**How to complete this task:**
Set down the records exactly as they stand, except for any pictures, which you should omit.

### Provided data

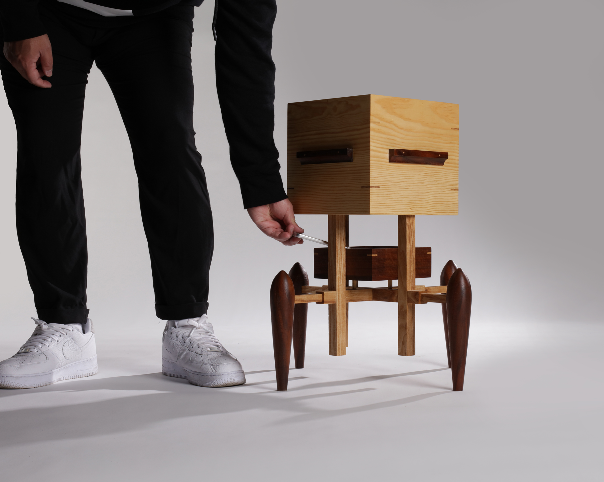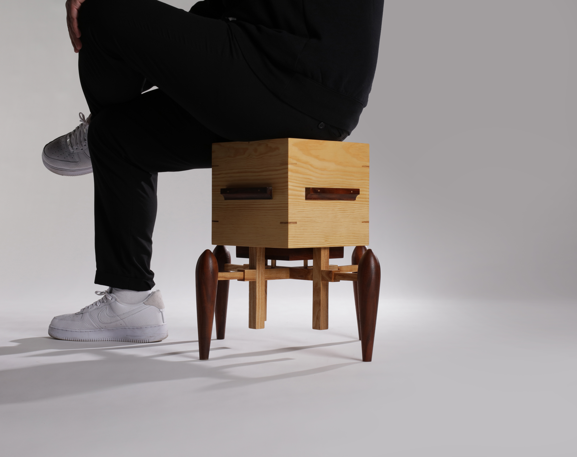 The stool includes a small walnut storage box at the bottom, providing a place to temporarily store phones and other valuables while you enjoy a moment of conversation.
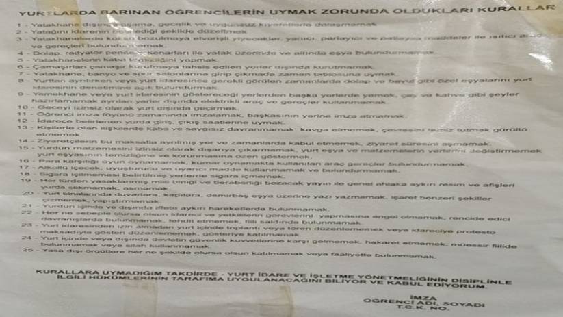 30’a yakın yasağın bulunduğu kağıtta ilk sıra “uygunsuz kıyafet yasağına” ayrılırken, ikinci sıraya da “Odalarda bulunan yatakların başı yurt müdürlüğünün istediği tarafta olacak” yazılması dikkat çekti.
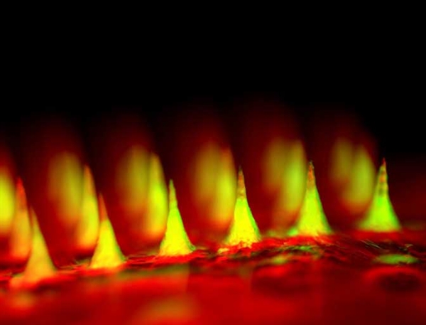 这些尖刺可能看上去很恐怖,但它们比一张信用卡的厚度还要短,并且在用到皮肤上时产生的疼痛不会超过被一只蚊子叮咬。一旦被贴在那里,作为对血糖浓度变化的回应,这些针会传递胰岛素。有一天,这些被贴在和一枚硬币大小相仿的胶布上的针可能会让糖尿病患者免受不得不向体内注射胰岛素之苦。图片来源:ZHEN GU
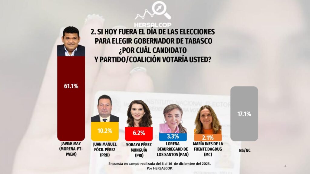 Javier May como candidato de la coalición MORENA-PT-PVEM con 61.1% sería Gobernador de Tabasco si hoy fueran las elecciones. Con 10.2%, el segundo lugar sería el Senador Juan Manuel Fócil del PRD.
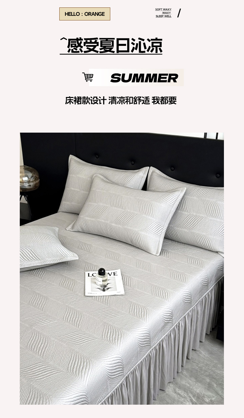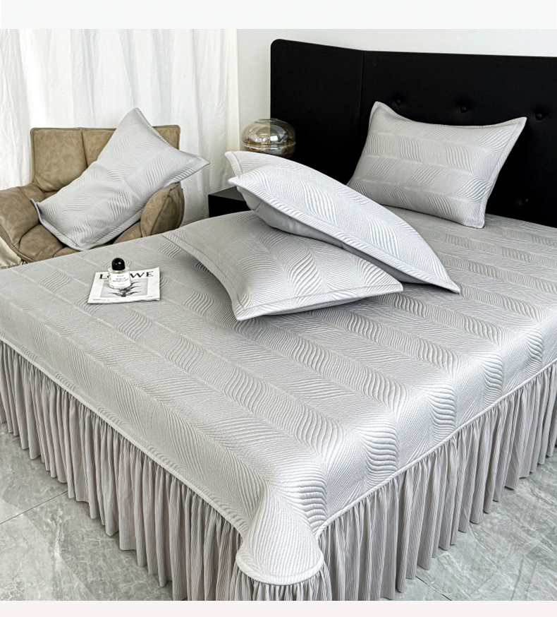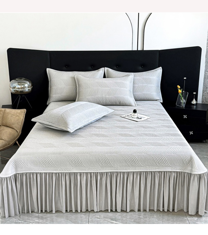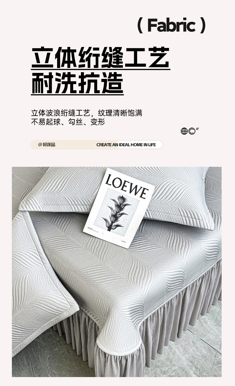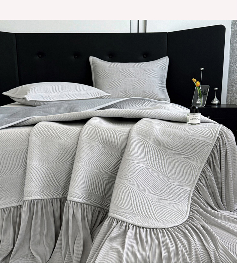 商品名称:金绣美居 2026新款高分子PE复合压褶床裙凉席-冰川 冰川-灰色
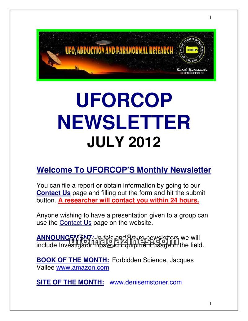This July 2012 UFORCOP Newsletter introduces the organization's services, including UFO case research and paranormal investigations. It highlights upcoming activities like a parano
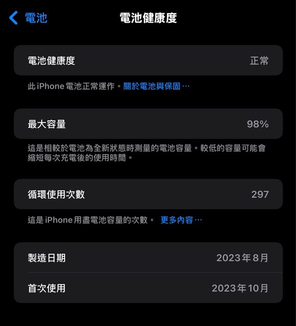 電池健康度98% 使用次數 298次
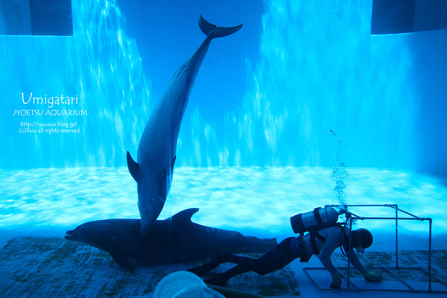 水槽をお掃除するお兄さんと、お兄さんと一緒に遊びたいイルカと、それに刺さるイルカ(ほんとシュール)。
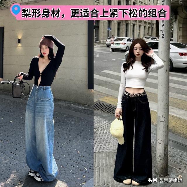 根据身材的状态,大家也可以组合整理出来于你而言更加极具优势的穿搭,例如你是属于梨形身材的话,那么上半部分是属于比较纤细的,就可以结合紧身设计的露脐装。再搭配宽松设计的下半身单品,尤其是在臀胯的部位,一定是属于宽松版型的状态进行遮掩的处理,这样的对比效果又显瘦又能够遮挡身形上的不足之处。
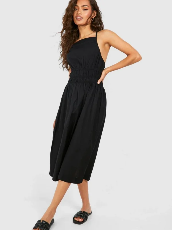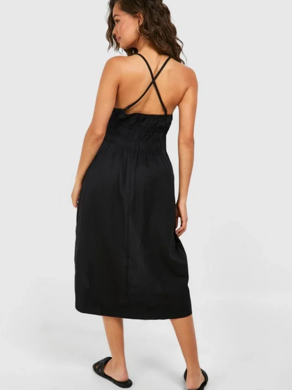 BOOHOO Strappy Linen Look Shirred Waist Midi Dress
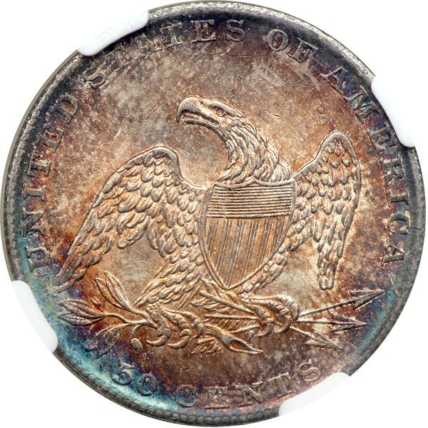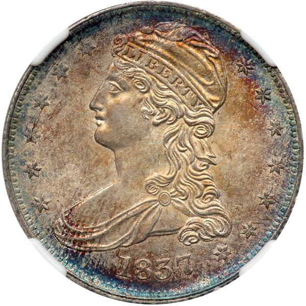 1837 Capped Bust Half Dollar. NGC graded MS-64. Lovely golden and electric blue iridescent toning on both sides. Highly lustrous with the shimmering satin luster this revised Capped Bust half dollar coinage of 1837-39 is so well known for. The half dollars starting with 1836 (Reeded Edge) were struck on the new steam press at the mint using revised designs and a close (as opposed to open) collar die. A collar die, acting as a third die, imparts the milling on the edge at the moment the coin is struck. A great selection for numismatist who needs this short-lived type.
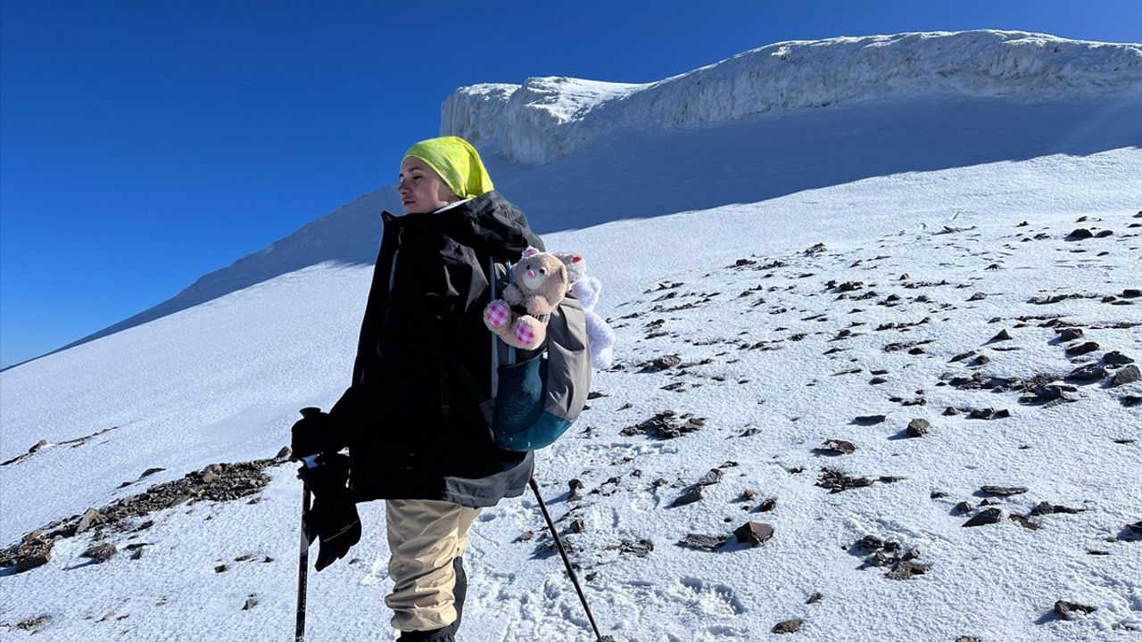 Lise öğrencisi Meryem, oyuncak ayıcıklarla Ağrı Dağı’nın zirvesine tırmandı
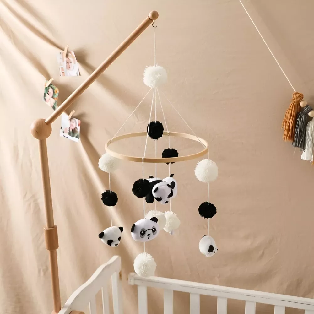 Introduce your little one to the world of sensory play with this charming Wooden Baby Rattle Mobile. Designed for babies from newborn to 12 months and beyond, this adorable panda and brown bear set creates a calming, musical environment right at your baby’s crib or stroller. Made from natural wood, it’s gentle to the touch and safe for tiny hands to explore. The soft melodies from the built-in music box help soothe and entertain your baby, making it perfect for nap time, playtime, or winding down before bed.

######

**Your solution:**
 The stool includes a small walnut storage box at the bottom, providing a place to temporarily store phones and other valuables while you enjoy a moment of conversation.
 30’a yakın yasağın bulunduğu kağıtta ilk sıra “uygunsuz kıyafet yasağına” ayrılırken, ikinci sıraya da “Odalarda bulunan yatakların başı yurt müdürlüğünün istediği tarafta olacak” yazılması dikkat çekti.
 这些尖刺可能看上去很恐怖,但它们比一张信用卡的厚度还要短,并且在用到皮肤上时产生的疼痛不会超过被一只蚊子叮咬。一旦被贴在那里,作为对血糖浓度变化的回应,这些针会传递胰岛素。有一天,这些被贴在和一枚硬币大小相仿的胶布上的针可能会让糖尿病患者免受不得不向体内注射胰岛素之苦。图片来源:ZHEN GU
 Javier May como candidato de la coalición MORENA-PT-PVEM con 61.1% sería Gobernador de Tabasco si hoy fueran las elecciones. Con 10.2%, el segundo lugar sería el Senador Juan Manuel Fócil del PRD.
 商品名称:金绣美居 2026新款高分子PE复合压褶床裙凉席-冰川 冰川-灰色
This July 2012 UFORCOP Newsletter introduces the organization's services, including UFO case research and paranormal investigations. It highlights upcoming activities like a parano
 電池健康度98% 使用次數 298次
 水槽をお掃除するお兄さんと、お兄さんと一緒に遊びたいイルカと、それに刺さるイルカ(ほんとシュール)。
 根据身材的状态,大家也可以组合整理出来于你而言更加极具优势的穿搭,例如你是属于梨形身材的话,那么上半部分是属于比较纤细的,就可以结合紧身设计的露脐装。再搭配宽松设计的下半身单品,尤其是在臀胯的部位,一定是属于宽松版型的状态进行遮掩的处理,这样的对比效果又显瘦又能够遮挡身形上的不足之处。
 BOOHOO Strappy Linen Look Shirred Waist Midi Dress
 1837 Capped Bust Half Dollar. NGC graded MS-64. Lovely golden and electric blue iridescent toning on both sides. Highly lustrous with the shimmering satin luster this revised Capped Bust half dollar coinage of 1837-39 is so well known for. The half dollars starting with 1836 (Reeded Edge) were struck on the new steam press at the mint using revised designs and a close (as opposed to open) collar die. A collar die, acting as a third die, imparts the milling on the edge at the moment the coin is struck. A great selection for numismatist who needs this short-lived type.
 Lise öğrencisi Meryem, oyuncak ayıcıklarla Ağrı Dağı’nın zirvesine tırmandı
 Introduce your little one to the world of sensory play with this charming Wooden Baby Rattle Mobile. Designed for babies from newborn to 12 months and beyond, this adorable panda and brown bear set creates a calming, musical environment right at your baby’s crib or stroller. Made from natural wood, it’s gentle to the touch and safe for tiny hands to explore. The soft melodies from the built-in music box help soothe and entertain your baby, making it perfect for nap time, playtime, or winding down before bed.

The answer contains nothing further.